The Pressure of ‘Should’ During Lockdown
Human beings are judging machines, we can’t help ourselves.
While we hope we might see a kinder society emerging from the coronavirus pandemic, nothing positive comes from pointing out what someone else should be doing to cope and grow themselves or their businesses throughout this period.
Social media, self-help gurus, chats across the road, all throw up ideas of what we should be doing to make us better people when we all come out the other side.
Some seem to think we are all slowing down, baking bread, creating the perfect family unit. That we now have time to meditate every morning and become proficient in some new skill from the comfort of our own home.
From the entrepreneurial icons there is no excuse for not pivoting your business right now or using this time to explore a side hustle. We ‘should’ simultaneously be home schooling, improving ourselves, working harder and smarter, meditating, reconnecting with our partners and taking on a new hobby.
At The Healthy Working Company we have now trained and interacted with thousands of people during this crisis and what strikes me is the role of the circumstances in which many people find themselves. The greatest challenges we see are from two extremes – those who are isolated and putting in a lot of hours of work, not stopping and not taking regular breaks; and those working in cramped spaces, with children under ten and both parties trying to work, doing their best to enjoy more time with their children, but also feeling guilty from every angle.
To understand our responses to the current situation it is worth acknowledging that as human beings we are hard wired to respond and cope in certain ways.
The threat responses in our brains are switched on by an abnormal situation – which might result in immediate or long term underlying (chronic) stress. Our inherent negativity bias – which from an evolutionary perspective helped to keep us alive – ensures that we place greater weight on worries than on positive events and it is hard to escape our immediate response to crisis.
I am hard wired to move quickly and seek solutions.

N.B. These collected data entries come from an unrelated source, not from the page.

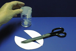 Pour solvent into the beaker to a depth of just less than 0.5 cm.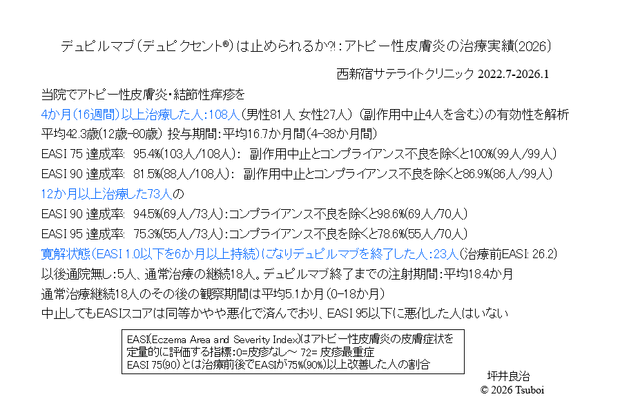 デュピルマブ(デュピクセント®)が日本で発売されて8年近く、当院で治療を開始して3年半経過しましたが、その優れた効果と安全性から重症アトピー性皮膚炎の治療が劇的に変わりました。当院での治療実績については、「院長ブログ12 デュピクセント®による治療実績(2026)」を参照してください。デュピルマブの優れた治療効果で、当院では最近デュピルマブ治療を終了して、通常治療(外用薬などによる保存的治療)に移行する人が増えています。ここでは、どのようにすれば止められるのか、また再悪化しないためにはどのようなことに気を付ければ良いかについて考えてみたいと思います。デュピルマブをそろそろ止めたいと考えている患者様に、出口戦略について情報提供したいと思います。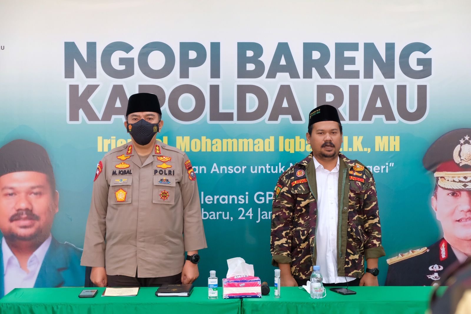 Ketua GP Ansor Purwaji mengatakan terimakasihnya kepada Kapolda, kerjasama dan sinergitas selama ini terjalin dengan baik dengan Polda Riau.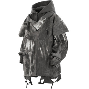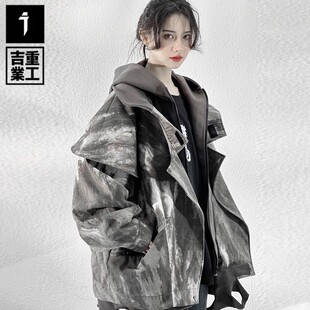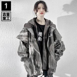 吉业重工原创国潮废土风扎染迷彩冲锋衣外套男女休闲夹克加厚棉服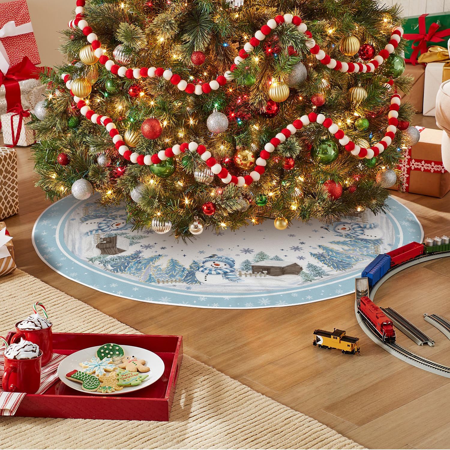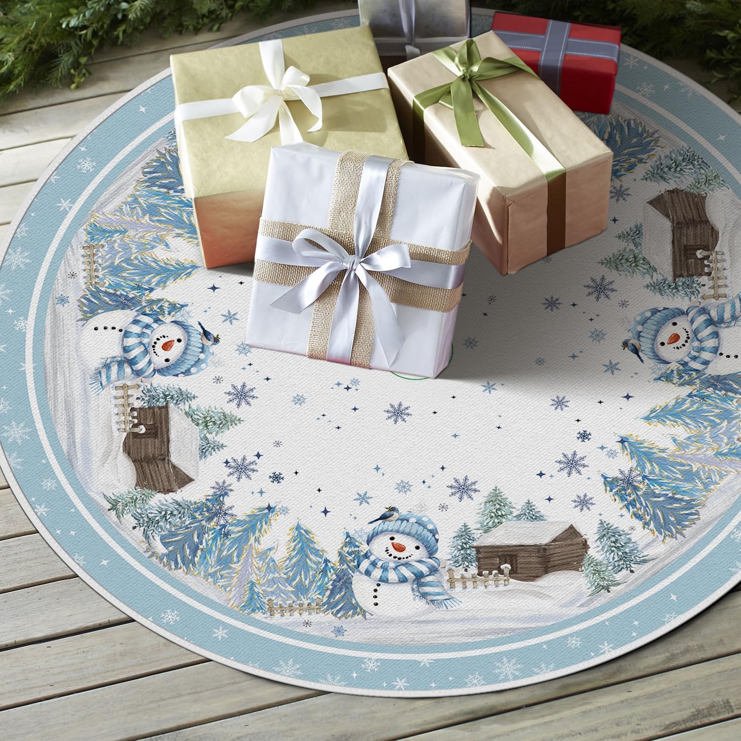 AVOIN colorlife Snowflake Snowman Cardinal Christmas Tree Skirt 36 Inch, Winter Holiday Tree Mat Decoration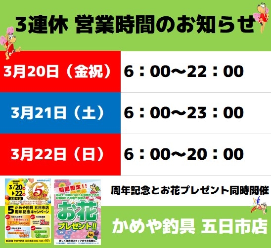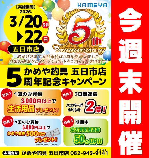 明日から、かめや釣具五日市店5周年記念キャンペーンが始まります。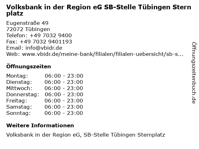 Branchen & Suchbegriffe zu Volksbank in der Region eG SB-Stelle Tübingen Sternplatz:bank, beratung, eg, geldautomat, genossenschaft, immobilienagentur, kredit, region, sb, stelle, sternplatz, versicherung, volksbank |

To work hard. But while I may appear calm on the outside, I am like a swan scrabbling madly under the surface and driven by an underlying anxiety – will I still be able to make a living for me and my team? Will I lose my house? Will I ever go on holiday again?
Feelings can overwhelm the best of us at times like this, but then I find a new perspective and remember that I am resourceful. I will be fine.

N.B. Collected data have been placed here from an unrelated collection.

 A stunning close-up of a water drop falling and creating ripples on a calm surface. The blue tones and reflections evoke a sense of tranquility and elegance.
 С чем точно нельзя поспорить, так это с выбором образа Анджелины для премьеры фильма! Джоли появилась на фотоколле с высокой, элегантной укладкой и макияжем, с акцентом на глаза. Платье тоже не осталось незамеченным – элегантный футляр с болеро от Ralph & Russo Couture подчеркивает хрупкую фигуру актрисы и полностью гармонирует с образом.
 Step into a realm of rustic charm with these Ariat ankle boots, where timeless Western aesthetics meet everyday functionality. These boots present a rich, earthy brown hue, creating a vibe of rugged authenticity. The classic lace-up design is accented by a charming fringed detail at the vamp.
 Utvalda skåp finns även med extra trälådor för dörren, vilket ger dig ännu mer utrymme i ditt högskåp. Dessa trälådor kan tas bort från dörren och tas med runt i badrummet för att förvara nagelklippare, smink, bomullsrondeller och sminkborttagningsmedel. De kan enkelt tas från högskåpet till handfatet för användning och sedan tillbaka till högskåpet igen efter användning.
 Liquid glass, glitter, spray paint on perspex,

How would it be if instead of talking about ‘should’ we were to think about what might ‘be available’ from one course of action over another? Instead of talking about what we must do we can think about what is workable for our situation.
These shifts in language remove judgement and emotion and allow us to be more measured in our responses to our own anxieties and to the often-wearying advice of others. If we redefine our actions into a series of choices, can we find ourselves more empowered as a result?

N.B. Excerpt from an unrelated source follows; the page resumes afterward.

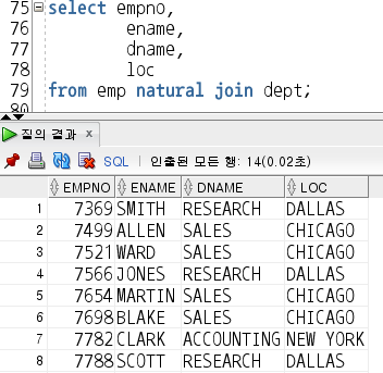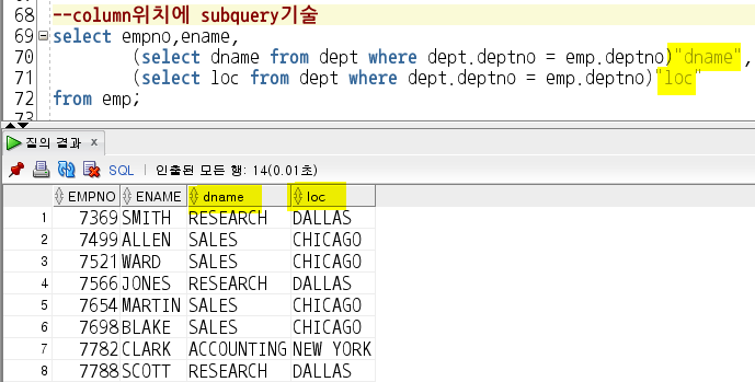 (1) column에 subquery를 주어서 dept 테이블과 emp 테이블 사이의 PK와 FK가 일치하는 항목들을 노출시킴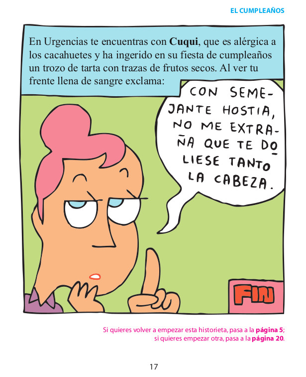 No puedes negarlo: tengas la edad que tengas, si te encuentras con este libro en cualquier librería o tienda de cómics que se precie vas a tener que acercarte a esta llamativa portada para saber quién es Cuqui, o bien si es que se trata del nuevo nombre de la legendaria criatura de la Laguna Negra. Si además tienes cierta edad, en cuanto veas ese «Elige tu propia historieta» enmarcado, un hilo de nostalgia te hará abrir sin más demora este curioso libro de tamaño ideal. Y sí, has acertado: al estilo de aquellos libros que los de más de treinta y cuarenta coleccionamos en nuestra muy lejana infancia, este «nuevo» libro de un humorista consumado como Mauro Entrialgo, nos ofrece la posibilidad de elegir el tebeo que queremos leer a través de ocurrentes elecciones dibujadas. El hilo y temor común es que, la mayoría de líos en los que empieza cada aventura, de algún modo tarde o temprano tienen que ver con tu amiga en el libro, Cuqui, de quien decidas lo que decidas no vas a poder librarte… En total son siete las historias que, dado el nivel de risa asegurada en cada una de ellas, se te harán todas ellas demasiado cortas con sus tronchantes retos: elegir entre la celebración de Cuqui o asistir al concierto de los Eucariotas en «El cumpleaños»; demostrar tus habilidades o tu cabezonería en «Consigue colgar el cuadro»; «Elige compañero de combate» para enfrentarte a un monstruo alienígena de siete metros al acabar en un universo paralelo un día que sales de marcha con Cuqui; «Consigue ser Trending Topic» en Twitter por un día; escoge bien tu destino para no sufrir «Las vacaciones del terror», «Consigue superpoderes» según el lugar que decidas visitar y «Sobrevive al verano» en la playa, en función de tu pericia para evitar las trampas mortales que puede suponer un lugar donde teóricamente relajarte.

The eminent psychologist Csikszentmihalyi says: “A joyful life is an individual creation that cannot be copied from a recipe.”
In creating our webinars for industry-leading companies about healthy home working, we have put forward ideas for people to try. Most of them have the backing of science. All of them are about workability.
And some of them will work better for some than others.
Sharing diaries, breaking regularly, taking time out, eating good food for our guts, exercising regularly, going to bed at the same time each night – all of these create workability in our lives. Is it enough to point these out? No. Habits are difficult to shift and we need to support people in finding environmental nudges and to feel the buzz of success having implemented a new habit.
Some will just not work for everyone.
So take a step back and observe how you are dealing with this crisis, because self-knowledge is a useful thing. As far back as Socrates, we have known this!
Give up the idea that any expert has the exact blueprint solution for you, but critically evaluate what might work for you if you try some of their advice.
Give up judging other’s responses as lesser or greater than your own and feeling stung by their apparently amazing capacity to cope. I invite you to try on kindness and self-compassion for this period.
1 Consider the use of the words “what might be available from” and “what is workable” rather than “should” or “must” when it comes to what you are doing.
2 Tell the story to yourself of how you are coping in a way which underlines rather than undermines your ability to cope as a human being.
3 Know that you and those you interact with are always doing their best with the tools they have available.